Tendons and ligaments are known to experience orientation dependent changes to their T2* value [27,28,29,30]. As such, it is important that whenever T2* is measured in these tissues to consider the orientation of the tissue with respect to B0. In this study, because subjects were all imaged with a standard knee coil, setup and positioning of the knee was relatively consistent. No differences in orientation of the femoral and tibial intra-bone grafts between the two time points were observed, suggesting that any measured changes in these regions were not affected by the magic angle effect. Conversely, the intra-articular graft was closer to the magic angle at the 6-month time point (~ 35°) than at the 3-month time point (~ 32°), causing the measured \( {T}_{2s}^{\ast } \) values at the second timepoint to be biased towards higher values. Meanwhile, we observed a decrease in \( {T}_{2s}^{\ast } \) in this region. This suggests that if the orientation of the intra-articular grafts were the same between the two time points, a greater decrease in \( {T}_{2s}^{\ast } \) would have been observed. Additionally, the femoral intra-bone grafts were closer to the magic angle than the tibial intra-bone grafts, consistent with the higher observed \( {T}_{2s}^{\ast } \) values in the femoral intra-bone grafts.

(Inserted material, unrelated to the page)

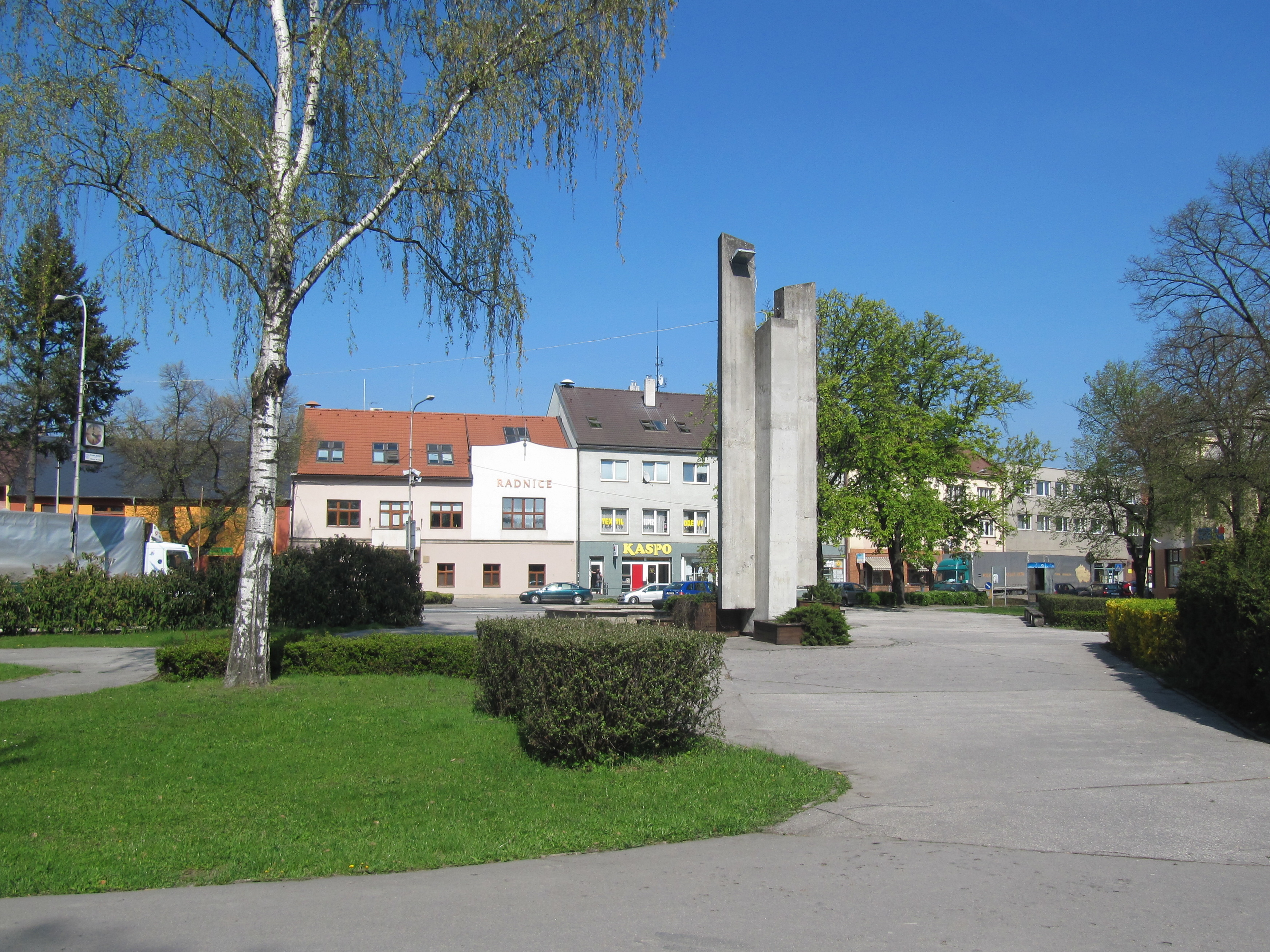 Hulín in Kroměříž District, Czech Republic. Square Námestí Míru.

One of the limitations of our study is the lack of histological confirmation of graft healing. However, obtaining histological specimen or performing arthroscopy at multiple timepoints in noncomplicated patients is impractical, and the surgeons performed systematic clinical assessments during the entire recovery period. We are also limited by the small number of patients in this preliminary study, which provides low statistical power for he observed changes. Some of the longitudinal changes as observed in this study were on the scale of measurement uncertainties and may not reflect potential physiological changes. In addition, the time points of our longitudinal analysis might be insufficient to capture dramatic changes from ligamentization in humans. An earlier first timepoint around 1 month after surgery may detect the inflammatory phase and show a more dramatic change to the fast decay \( {T}_{2s}^{\ast } \) component. Furthermore, some human studies suggested that the end-point of ligamentization might be more than 1 year after surgery [40, 43] and the last time point may need to be extended. Another limitation of this study is the lack of \( {T}_{2l}^{\ast } \) quantification of the ACL graft, which may behave differently than native ACL or tendon. Although results from our numerical simulations and in vivo healthy volunteers demonstrated that the introduced estimation bias would be very small for high bound water fraction, this may not be the case during the final stage of ligamentization (> 1 year). In addition, the selection of TEs in this study was experimentally determined to achieve good quality of UTE images and reliable quantification of the short T2* component for native ACL. Further optimization on the number of acquisitions and TE values are needed to increase the robustness of the proposed method for ACL grafts.

Conclusion

This preliminary study has demonstrated the feasibility of applying the proposed abbreviated UTE MRI paradigm to quantitatively evaluate the fast decay \( {T}_{2s}^{\ast } \) component within a clinically feasible acquisition time for ACL graft reconstruction patients (~ 8 min). We observed longitudinal changes to the short T2* component of the ACL grafts, potentially due to graft healing processes such as ligamentization and tendon-to-bone healing. This method has the potential for wide-spread adoption of quantitative UTE for routine clinical evaluation of the short T2* component of various connective tissues.